[EXERCISE DATA]

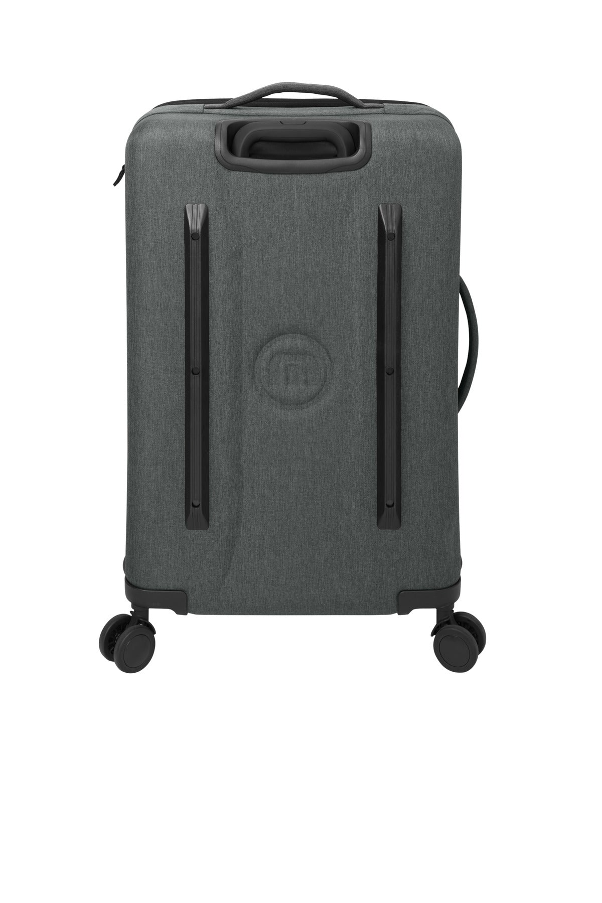 Ready set check! Cruise through any excursion equipped with this spinner that's roomy and all just for you. 600D poly Durable water repellent (DWR) finish Molded back with embossed TM logo Padded top handle for quick grab and easy lifting Zippered front pocket can be removed for ease of decoration Large main compartments with compression straps Padded side grab handle 4 spinning wheels for easy maneuvering and increased stability Locking retractable handle Rubberized TM logo Dimensions: 27.5 h x 17 w x 9.5 d Capacity: 3 478 cu. in./57 L Weight: 8.07 lbs./3.66 kgNote: Bags not intended for use by children 12 and under.
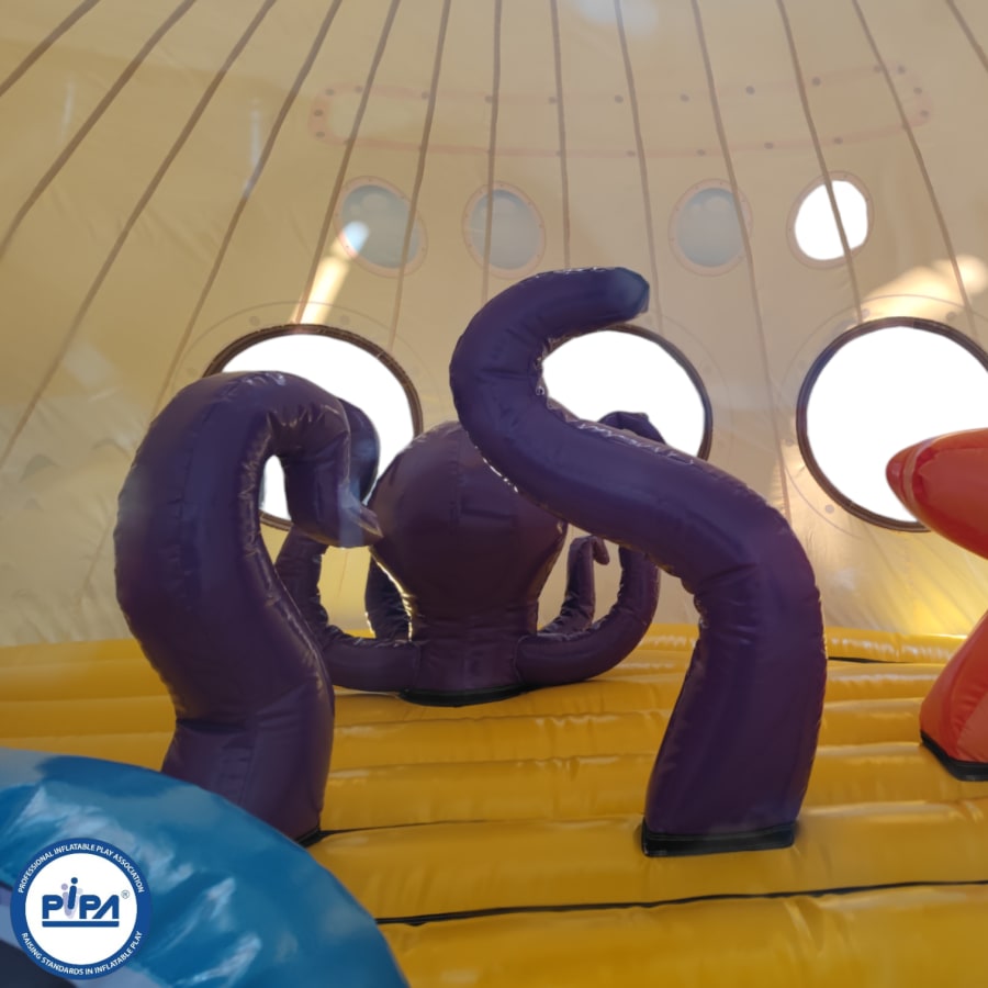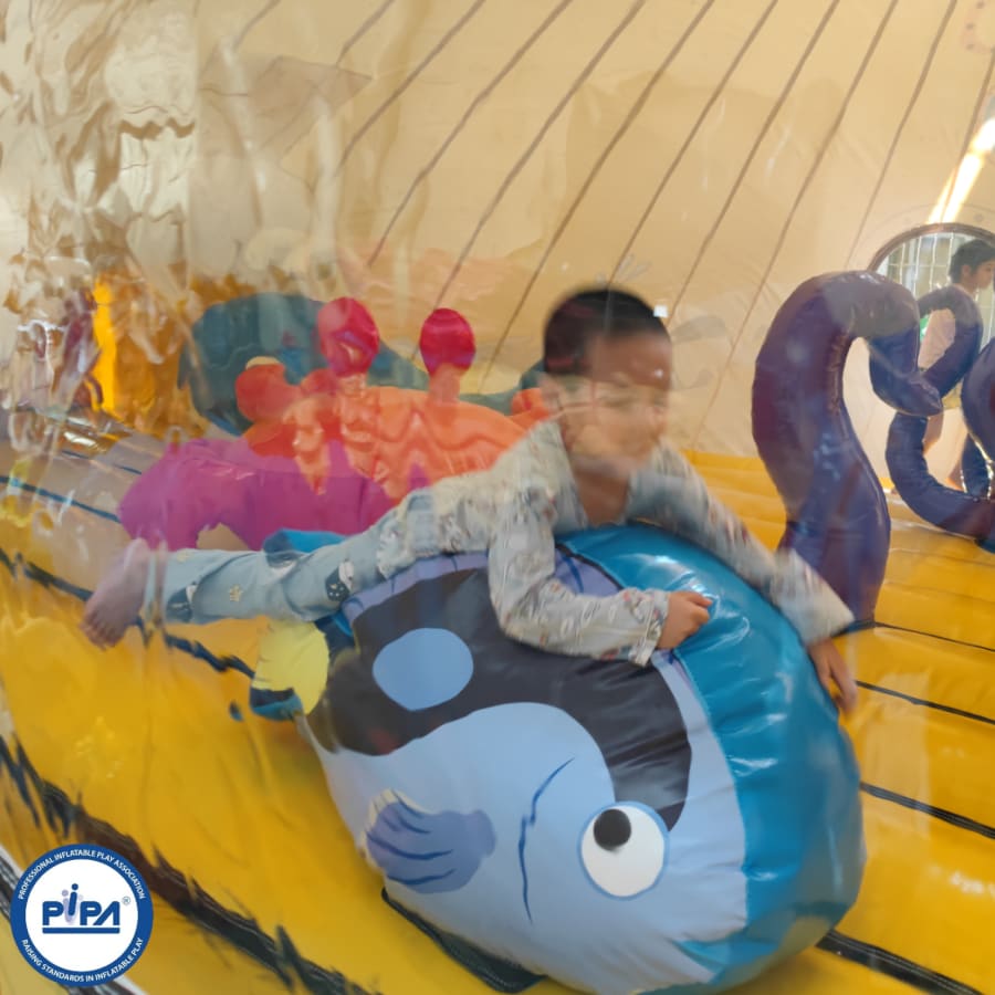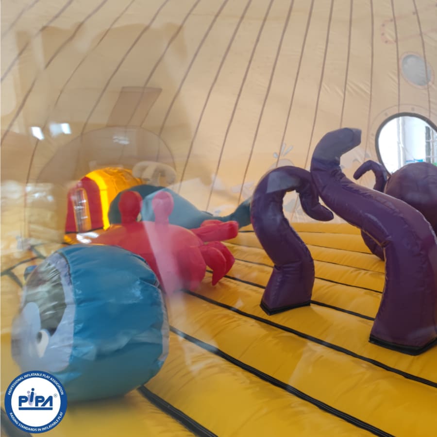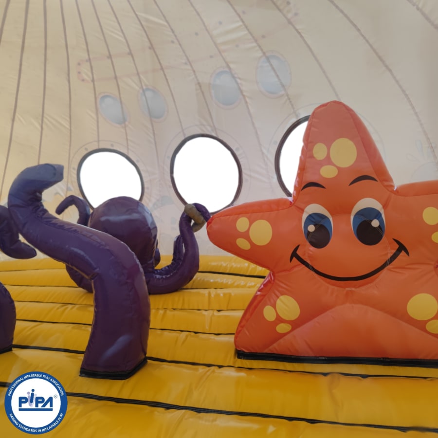 Prepare for an epic journey as you navigate through this extraordinary adventure. Begin your expedition with a safe and visually captivating entrance way that sets the tone for the undersea adventure ahead. Dive into a world of challenges, including biff and bash pillars resembling your favourite sea creatures, creating a dynamic and fun-filled sea world bouncy castle experience.
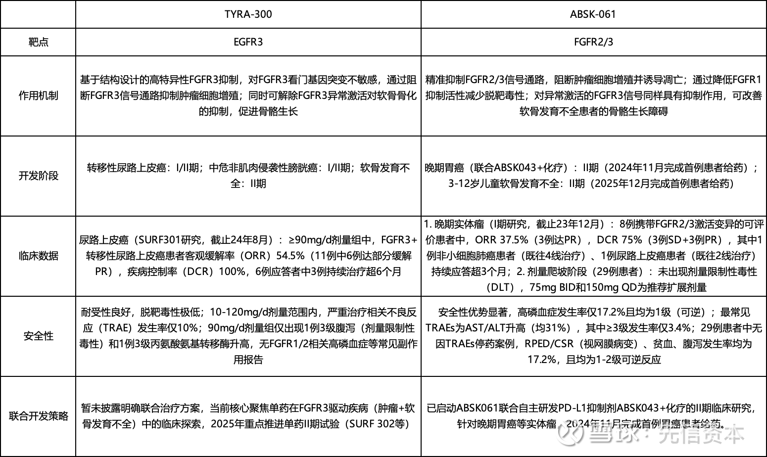 Tyra的TYRA-300是一种口服、高选择性小分子FGFR3抑制剂,在膀胱癌(IR-NMIBC)、尿路上皮癌、软骨发育不全领域具有颠覆性潜力,计划将在26H1读出IR-NMIBC首次II期数据,26H2读出ACH II期初步安全性和有效性数据。

[/EXERCISE DATA]

EXERCISE BRIEF:
Leave the pictures aside. Set down exactly the lines from the one with "Prepare for an" through the final line of the listing above.

SOLUTION TO THIS EXERCISE:
 Prepare for an epic journey as you navigate through this extraordinary adventure. Begin your expedition with a safe and visually captivating entrance way that sets the tone for the undersea adventure ahead. Dive into a world of challenges, including biff and bash pillars resembling your favourite sea creatures, creating a dynamic and fun-filled sea world bouncy castle experience.
 Tyra的TYRA-300是一种口服、高选择性小分子FGFR3抑制剂,在膀胱癌(IR-NMIBC)、尿路上皮癌、软骨发育不全领域具有颠覆性潜力,计划将在26H1读出IR-NMIBC首次II期数据,26H2读出ACH II期初步安全性和有效性数据。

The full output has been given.